A maioria dos ensinamentos protestantes a respeito do pecado relacionado ao suicídio

Muitas denominações protestantes operam com a suposição de que é impossível para um verdadeiro cristão perder a salvação. Portanto, mesmo atos desesperados de frustração e confusão seriam cobertos pela expiação oferecida por meio do sacrifício de Jesus. A posição que vários teólogos assumem é, em vez disso, se perguntar se a pessoa era um verdadeiro crente. Essa especulação não fornece respostas concretas ou conforto.

Graça compassiva

O suicídio é uma ofensa a Deus. Isso viola o valor atribuído à vida e quebra um dos Dez Mandamentos dados por Deus. Mas se crentes comprometidos como Moisés, Jó ou Davi contemplaram o suicídio, é claro que os pensamentos de um possível suicídio podem tocar os fiéis. Argumentar dogmaticamente a natureza imperdoável do suicídio viola o contexto bíblico e o raciocínio lógico. A Palavra de Deus afirma claramente que 'nem a morte nem a vida' nos separará do amor de Deus em Cristo ( Romanos 8: 38-39). As crenças sobre o suicídio devem refletir compaixão pelos que foram deixados para trás e graça para com a vítima. Ninguém está em posição de julgar ou criticar.

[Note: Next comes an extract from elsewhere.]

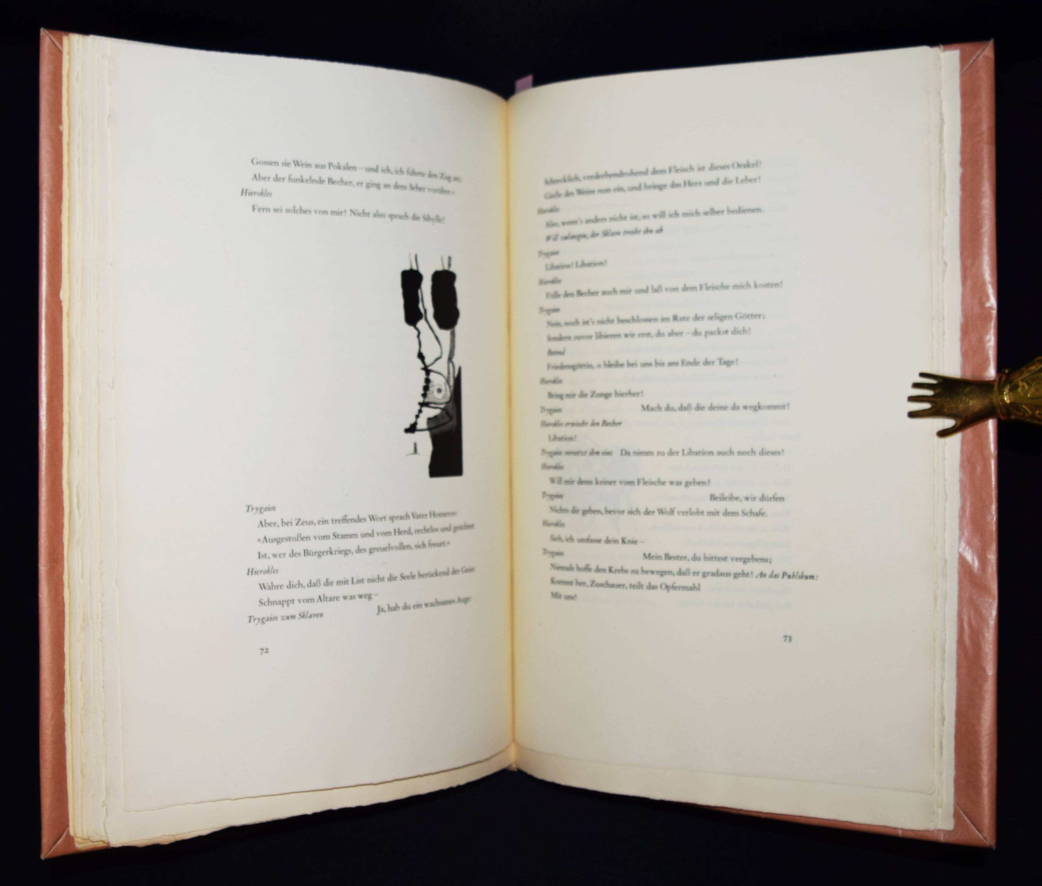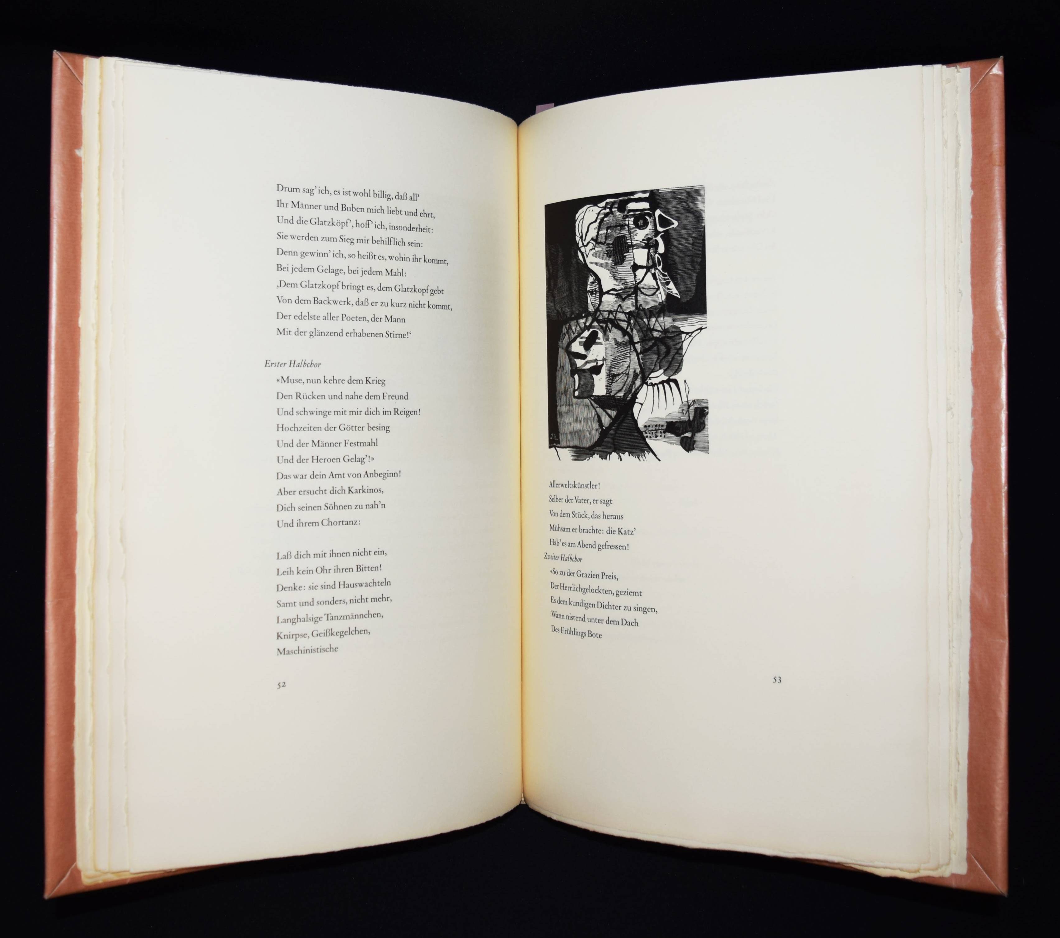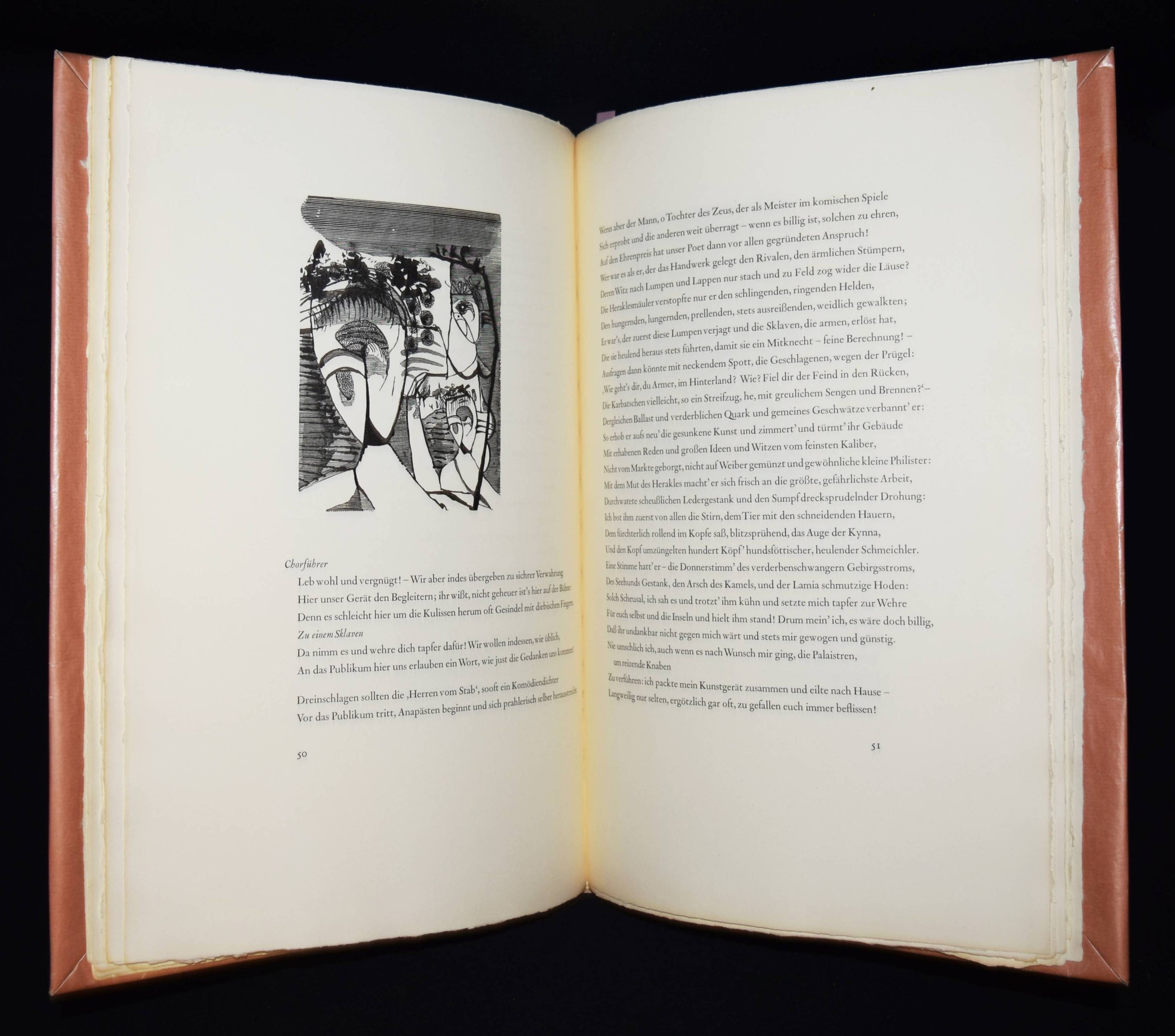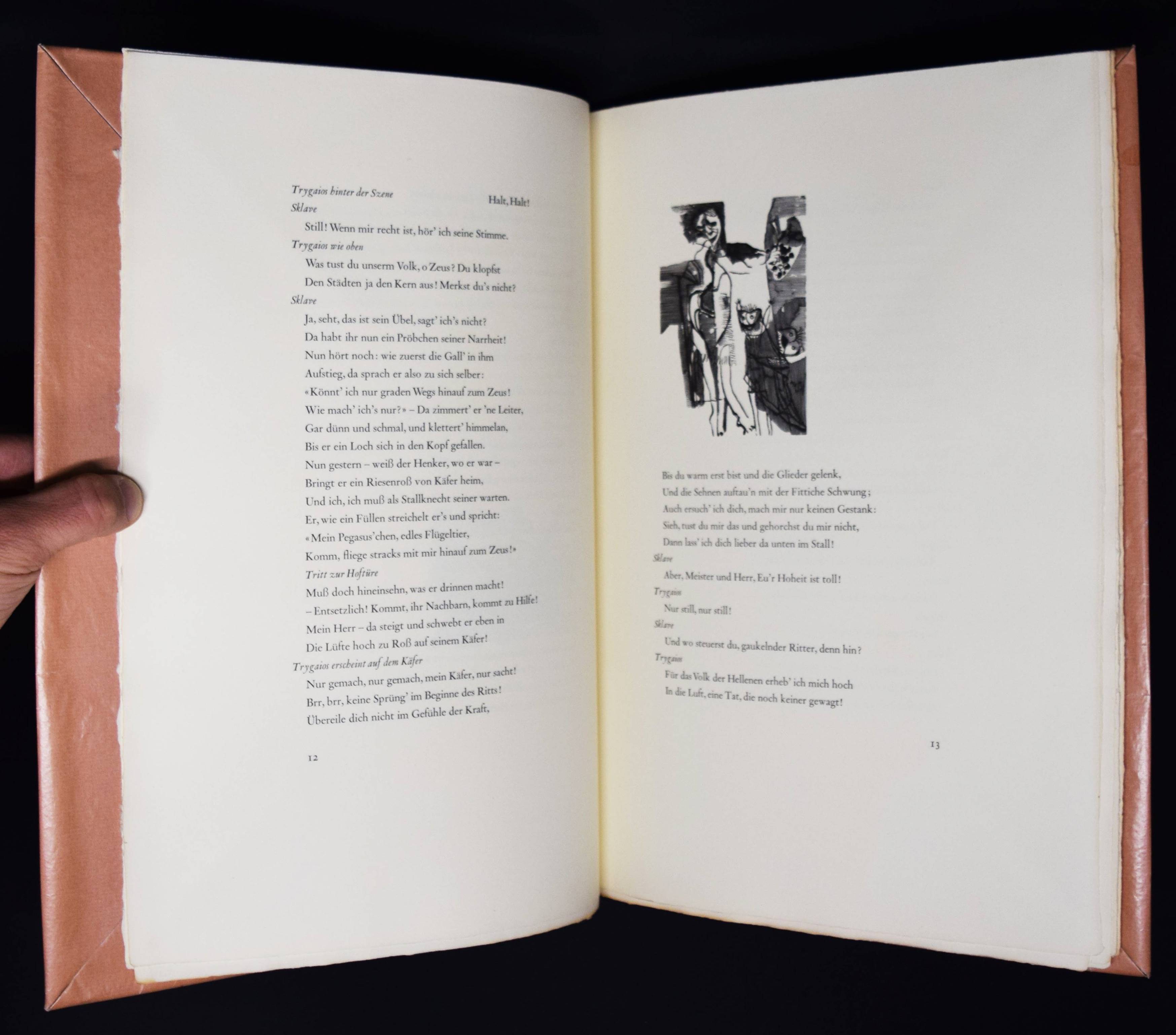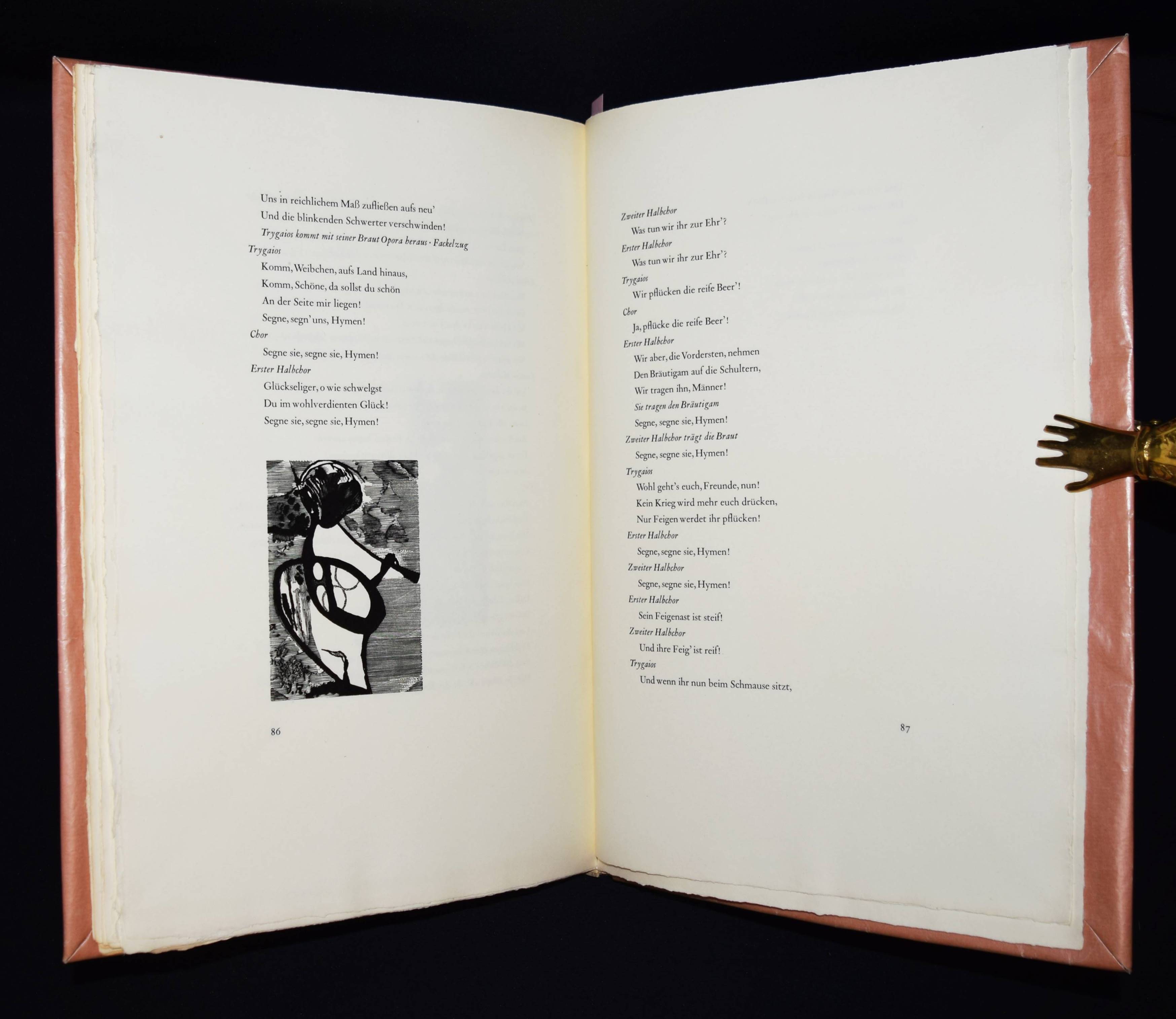 Aristophanes. Der Frieden. Eine Komödie. Übertragen von Ludwig Seeger. Mit neunundzwanzig Holzstichen von Imre Reiner. Ruvigliana, Selbstverlag (1965). Folio (39,5 x 27,5 cm.). 88 S., [2] Bl. mit 29 Orig.-Holzstichen. OPbd. mit Orig.-Schutzumschlag. Nr. 44 von nur 80 Exemplaren; im Druckvermerk von I. Reiner signiert. – Vorderes Innengelenkim oberen Drittel etwas angeplatzt, sonst sehr gut erhalten.
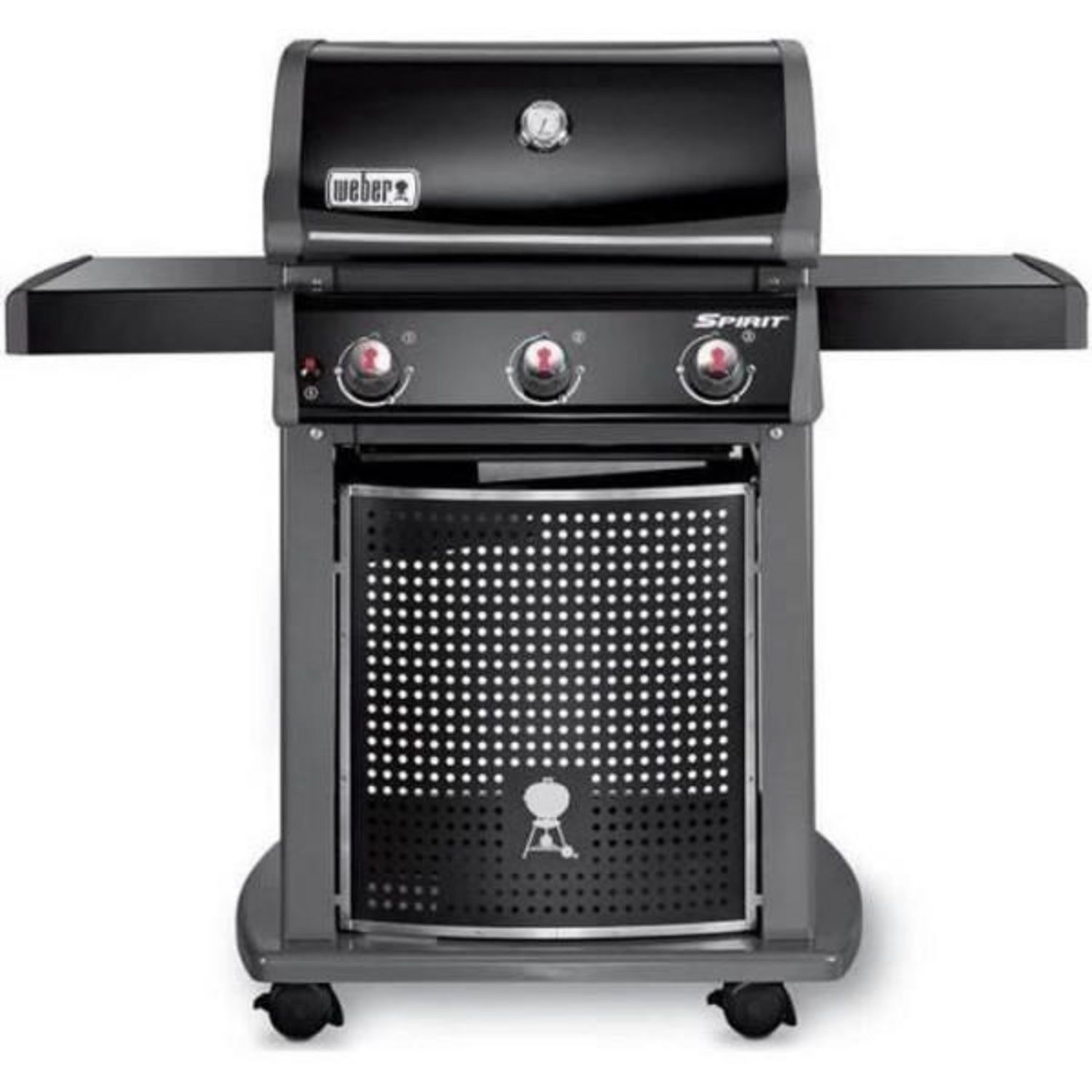 Barbecue a gaz WEBER Spirit Classic E-310 - Noir - Cuve en fonte d'aluminium, couvercle avec thermometre intégré en acier émaillé, 2 grilles de cuisson en acier émaillé - Grille de réchauffage : 57x12cm, 3 brûleurs en acier inoxydable, 5 barres flavorizer en acier émaillé pour protéger les brûleurs

Mulher segurando uma fita amarela para alertar sobre o suicídio

Martírio

Embora várias religiões discordem, o cristianismo não ensina que o martírio, dando a vida a serviço de sua fé, garante automaticamente a entrada no céu. A Bíblia sugere que há momentos em que um crente pode ter que dar suas vidas a serviço de Cristo e Seu reino. Embora esses casos sejam mencionados, esse martírio geralmente não é considerado suicídio.

  • Marcos 8: 34-36
  • João 13:37
  • Filipenses 1: 21-22

Consequências e conclusões sérias

O assunto do suicídio e suas consequências suscitam perspectivas diferentes e requerem aplicações difíceis. O que a Bíblia ensina sobre o suicídio deixa muito a ser interpretado, mas as conclusões devem sempre ser borrifadas com respeito e graça. Uma reflexão cuidadosa deve ser dada antes que declarações fortes sejam oferecidas, quando algo não está explicitamente coberto nas Escrituras. A Bíblia contém instruções muito mais claras sobre como alguém deve viver do que como deve morrer.